US pig industry facing $5bn COVID-19 ‘financial disaster’
US pig producers are facing a financial disaster and collective losses of $5 billion for the remainder of the year as pig prices plummet due to the the impact of COVID-19, the National Pork Producers Council has warned.
At a press briefing, NPPC president Howard ‘AV’ Roth, a pork producer from Wisconsin, called for Government support for farming families struggling during the crisis, including a £1bn pork purchase scheme.
“We remain committed to supplying Americans with high-quality US pork, but face a dire situation that threatens the livelihoods of thousands of farm families. We are taking on water fast. Immediate action is imperative, or a lot of hog farms will go under,” he said.
At the weekend, the world’s biggest pork processor, Smithfield, announced the temporary closure of one of its biggest plants, at Sioux Falls, in South Dakota, representing an estimated 4-5% of US pork production. This was after 238 employees had active cases of COVID-19.
The move followed other significant plant closures across the US, prompting Smithfield chief executive Ken Sullivan to warn that the US is moving ‘perilously close to the edge’ in terms of meat supply.
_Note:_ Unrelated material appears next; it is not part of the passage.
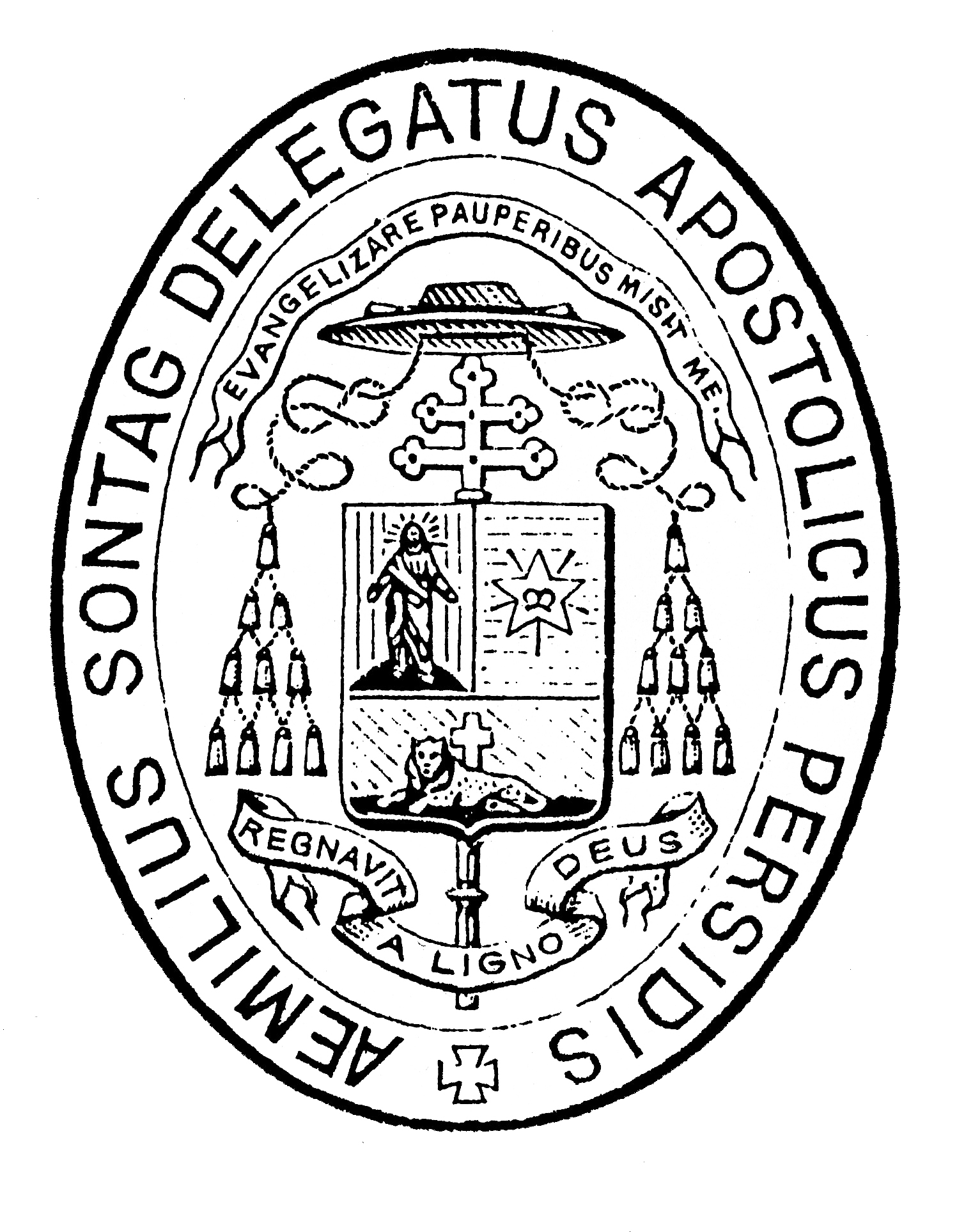 Motto, upper: He has sent me to preach the Gospel to the poor; lower: God has reigned from a tree. CM emblem on shield. Star with stylized letter M (Mary); and silver cross behind golden lion of Persia. Martyr

The NPPC said the suspension of pork packing plant operations and rising employee absenteeism due to COVID-19 has exacerbated an existing harvest (processing) facility capacity challenge due to a labour shortage in rural America.
This limited capacity has created a surplus of pigs, causing values to plunge, while the loss of the food services market and the COVID-related slowdown in most export markets has ‘crashed demand and overwhelmed the cold storage of meat’.